Task instructions:
Set down all of the data exactly. Pictures stay out of the copy.

Dataset content:
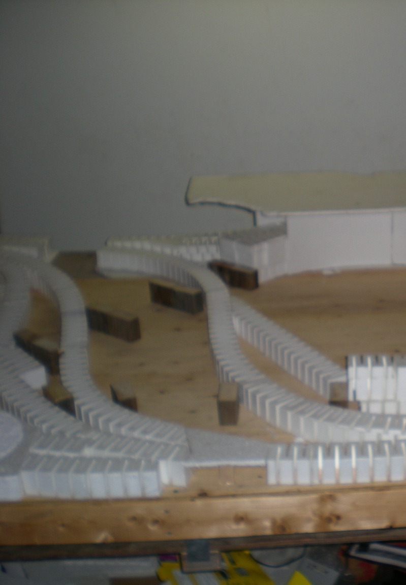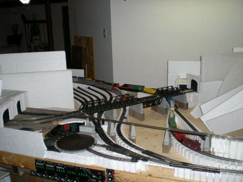My intent was for there to be a small pump that would pour water in underneath the foam bridge section at the foreground of the pictures I posted, and for that water to drain towards the background, and fall over the edge of the layout into a bucket, from which it would circulate back to the pump.
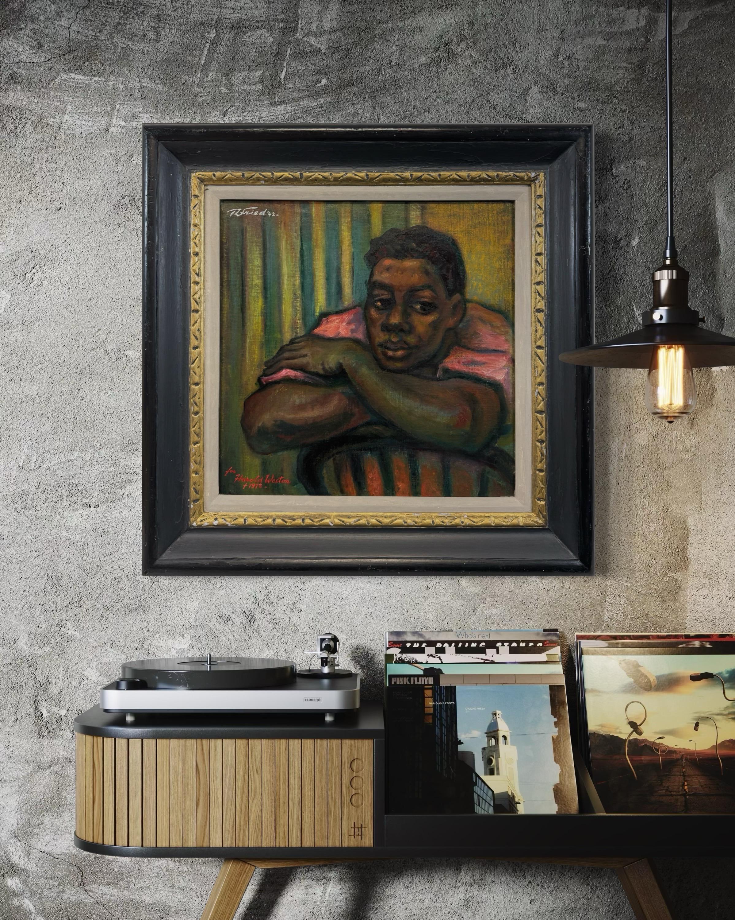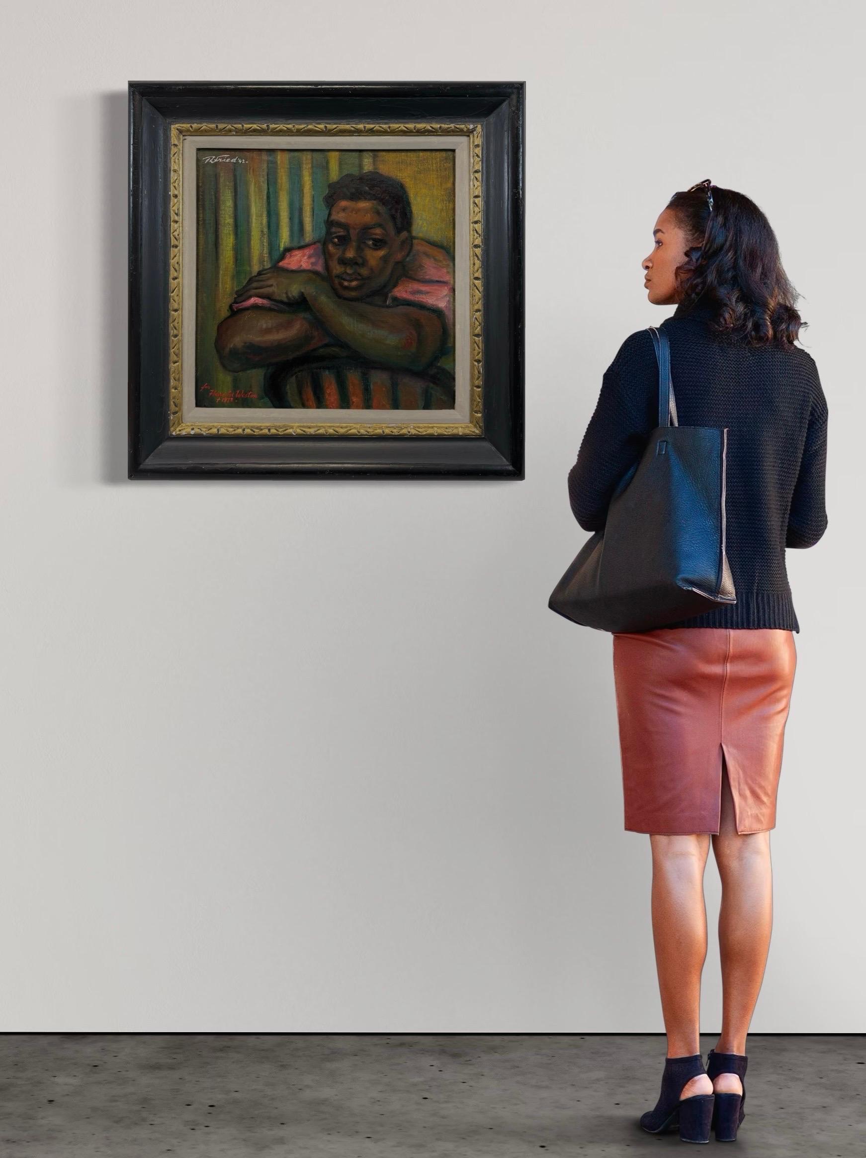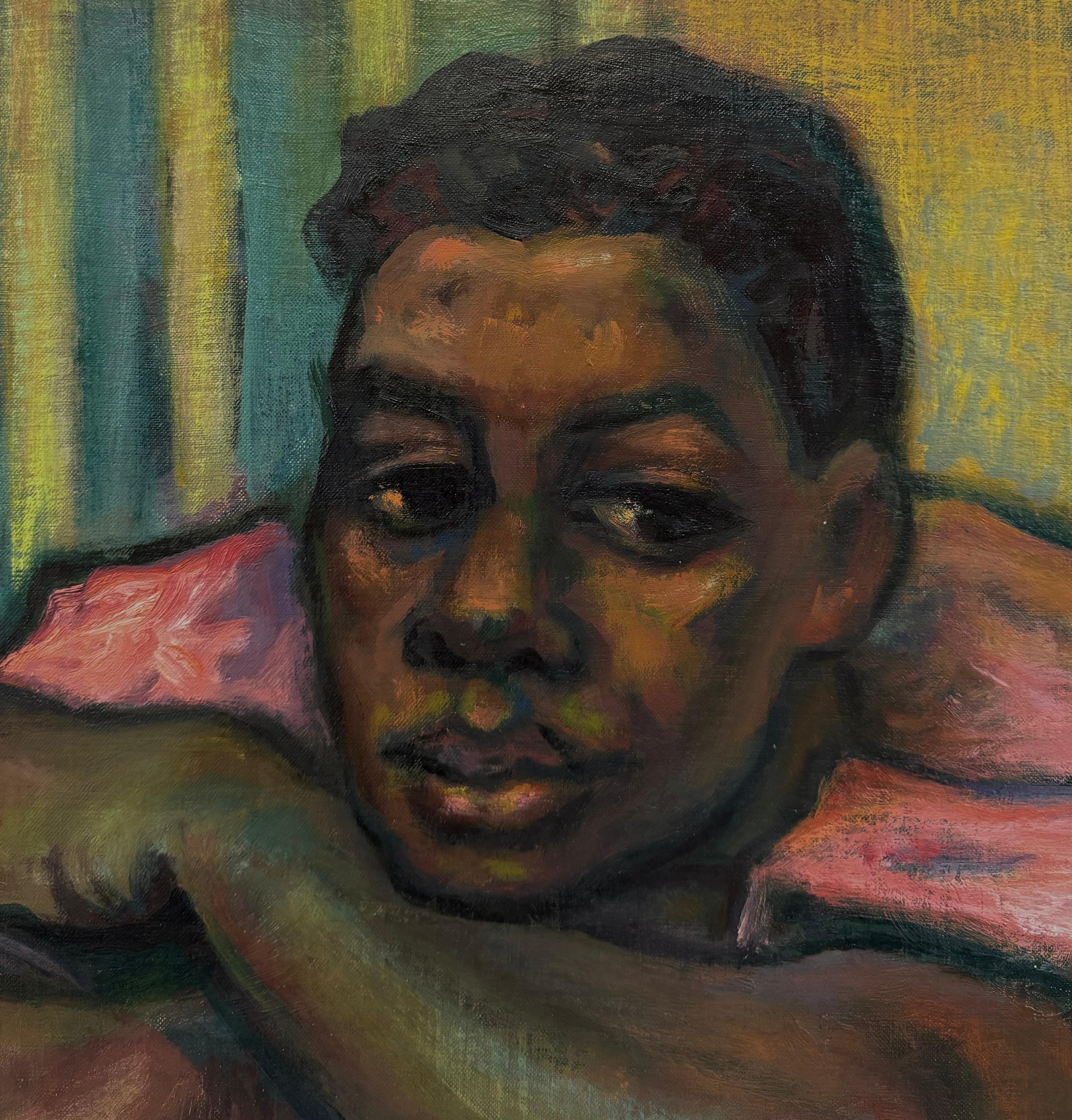 Das fesselnde Porträt eines jungen Schwarzen aus der Jahrhundertmitte der 1950er Jahre stammt von dem berühmten Chicagoer Künstler Francis Chapin (Am. 1899-1965). Ein sensibles, gek...
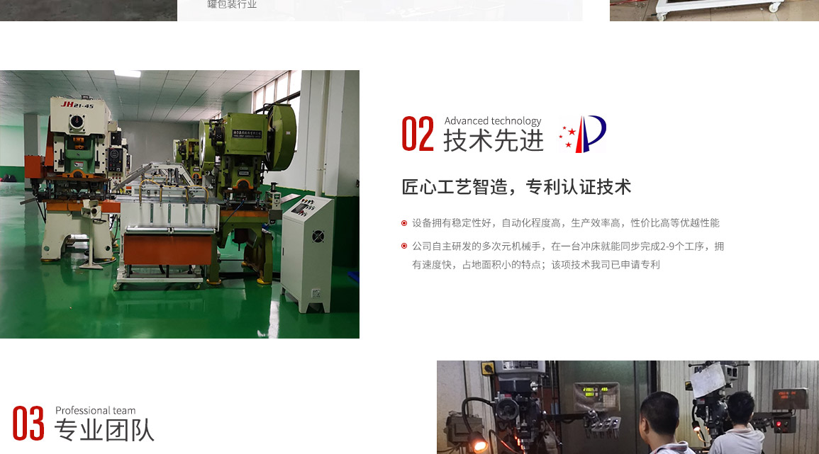 東莞市勝賢機械設備有限公司,是一家專業(yè)從事金屬制罐包裝行業(yè)的整套自動化設備和模具開發(fā)、制造與銷售的公司,擁有成熟的技術和創(chuàng)新開發(fā)能力。我們擁有有一批多年從事設計、研究開發(fā)的工程師,和設備、模具制作的技術人才。不斷推進制罐行業(yè)向高效、環(huán)保、節(jié)能、操作簡易化的方向發(fā)展。 公司主要產品:多次元機械手設備生產:含片盒蓋/底自動生產線,煙盒蓋/底自動生產線,醫(yī)藥盒蓋/底自動生產線,茶葉罐蓋圈/酒罐蓋圈自動生產線,酒罐蓋自動生產線、茶葉罐拍底自動生產線等等。 罐身自動扣骨機生產:茶葉罐/酒罐/化妝品罐/內衣罐等等. 其中多次元機械手專為兩片盒的生產和三片罐的蓋、底、蓋圈、拍底蓋等的生產而設計,...

Output:
My intent was for there to be a small pump that would pour water in underneath the foam bridge section at the foreground of the pictures I posted, and for that water to drain towards the background, and fall over the edge of the layout into a bucket, from which it would circulate back to the pump.
 Das fesselnde Porträt eines jungen Schwarzen aus der Jahrhundertmitte der 1950er Jahre stammt von dem berühmten Chicagoer Künstler Francis Chapin (Am. 1899-1965). Ein sensibles, gek...
 東莞市勝賢機械設備有限公司,是一家專業(yè)從事金屬制罐包裝行業(yè)的整套自動化設備和模具開發(fā)、制造與銷售的公司,擁有成熟的技術和創(chuàng)新開發(fā)能力。我們擁有有一批多年從事設計、研究開發(fā)的工程師,和設備、模具制作的技術人才。不斷推進制罐行業(yè)向高效、環(huán)保、節(jié)能、操作簡易化的方向發(fā)展。 公司主要產品:多次元機械手設備生產:含片盒蓋/底自動生產線,煙盒蓋/底自動生產線,醫(yī)藥盒蓋/底自動生產線,茶葉罐蓋圈/酒罐蓋圈自動生產線,酒罐蓋自動生產線、茶葉罐拍底自動生產線等等。 罐身自動扣骨機生產:茶葉罐/酒罐/化妝品罐/內衣罐等等. 其中多次元機械手專為兩片盒的生產和三片罐的蓋、底、蓋圈、拍底蓋等的生產而設計,...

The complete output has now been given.